Conversations around how to ensure sufficient food for the growing sub-Saharan African (SSA) population are driving discussions among agricultural policy makers on how to promote food self-sufficiency. These conversations coincide with a rapid rate of forest depletion across much of the continent, with research and on-the-ground evidence pointing to agricultural expansion as a key driver of forest loss. 

A shift in production processes through technology application that incorporates precision farming, the internet of things (IoT), cloud computing, big data, drones, biotechnology innovations, smart farming, and robotics – broadly referred to as agriculture 4.0 – is being witnessed across the globe. Research to date tends to emphasise the use of this suite of technologies from a high-income country (HIC) perspective, with less attention to its relevance in low- and middle-income countries (LMICs). 

Yet there is considerable scope for the application of agriculture 4.0 technologies to enable farmers to produce more on existing land in a sustainable way, consequently reducing the expansion of agricultural land to feed the continent’s population, as is common in SSA. However, just as was the case with the Asian Green Revolution, it is not certain whether SSA will tap into this new wave of technology that has the potential to lead to the production of more food per unit area. In our perspective paper, we ask this pertinent question: “Is sub-Saharan Africa ready for the new wave of agriculture 4.0 revolution”. Tackling this question could prove to be game-changing.

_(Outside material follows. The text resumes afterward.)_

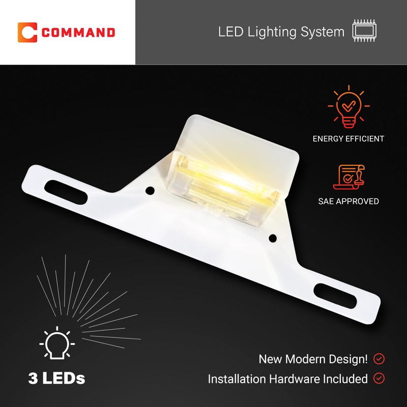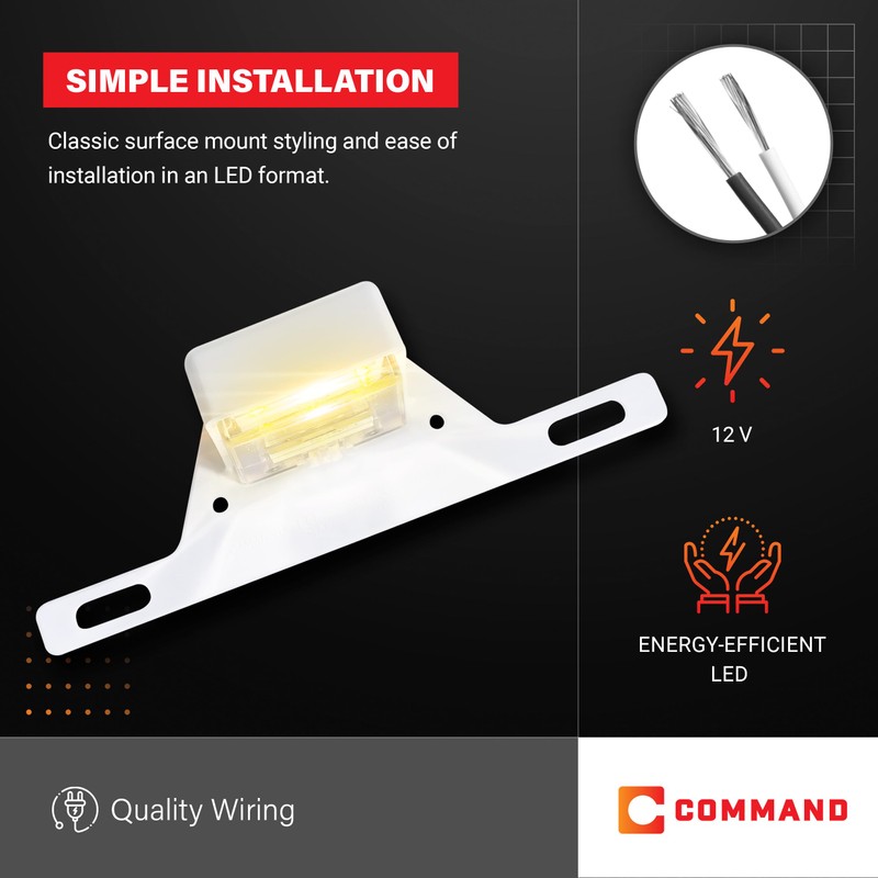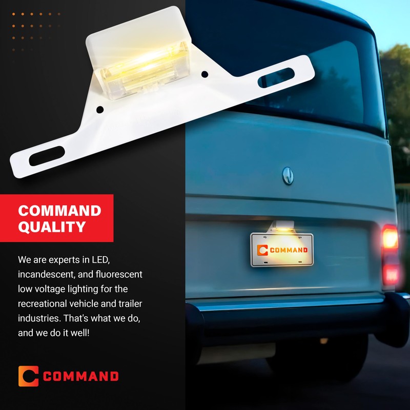 Command Electronics 12V LED License Plate Light with Mounting Bracket – Modern OEM RV, Truck, & Trailer Surface Mount Light – CSA Certified for The US and Canada – Clear Lens – White Frame
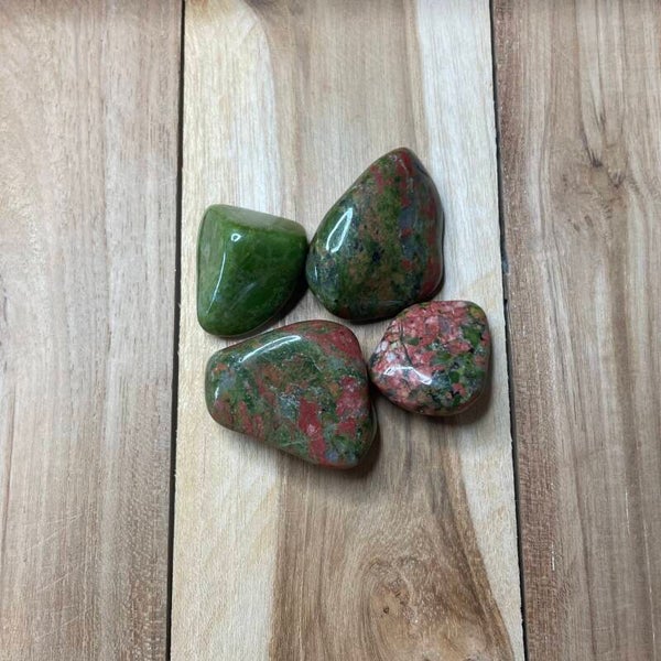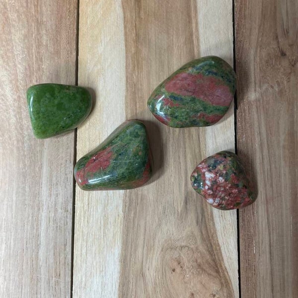Je ontvangt een van de unakiet trommelstenen van de foto's. Kleuren van de foto's kunnen licht afwijken. Elke steen is een uniek natuurproduct.

Is sub-Saharan Africa ready? 

We looked at readiness for adoption of this suite of technologies in SSA based on five dimensions: scale; finance and capital for investment, research, and development; availability of leapfrog technology and digital infrastructure; institutions, governance, and ethics; and finally, education and skills.

We find there is potential for SSA’s smallholder farmers to adopt a suite of agriculture 4.0 technologies that could increase food production on the same amount of land without increasing cropped area from previously uncultivated land. 

This can be achieved in part through practices such as precision seeding that increases plant population per area, fertiliser application, and soil mapping that supports soil fertility diagnosis to ensure the right type and amount of input is applied. Improved soil diagnosis could result in more sustainable food production by reducing the costs of inputs and reducing environmental pollution from excess fertiliser and herbicide application. 

However, adoption across the continent is not straightforward due to gaps in knowledge, skills, finance, and infrastructure. Further, there are ethical concerns around data management and issues of disconnecting farmers from the landscape.

Finally, technologies that improve the productivity and profitability of smallholder agriculture could make agricultural expansion more, not less, likely, highlighting the importance of understanding agricultural intensification in the context of property rights and institutions across landscapes. 

The question of how SSA can feed its growing population amidst challenges such as climate change and variability, and loss of important biodiversity from intensive monocropping and land expansion, is at the core of the Sentinel project, which seeks better ways to manage the triple objectives of food production, biodiversity conservation and inequality reduction in Ethiopia, Ghana and Zambia.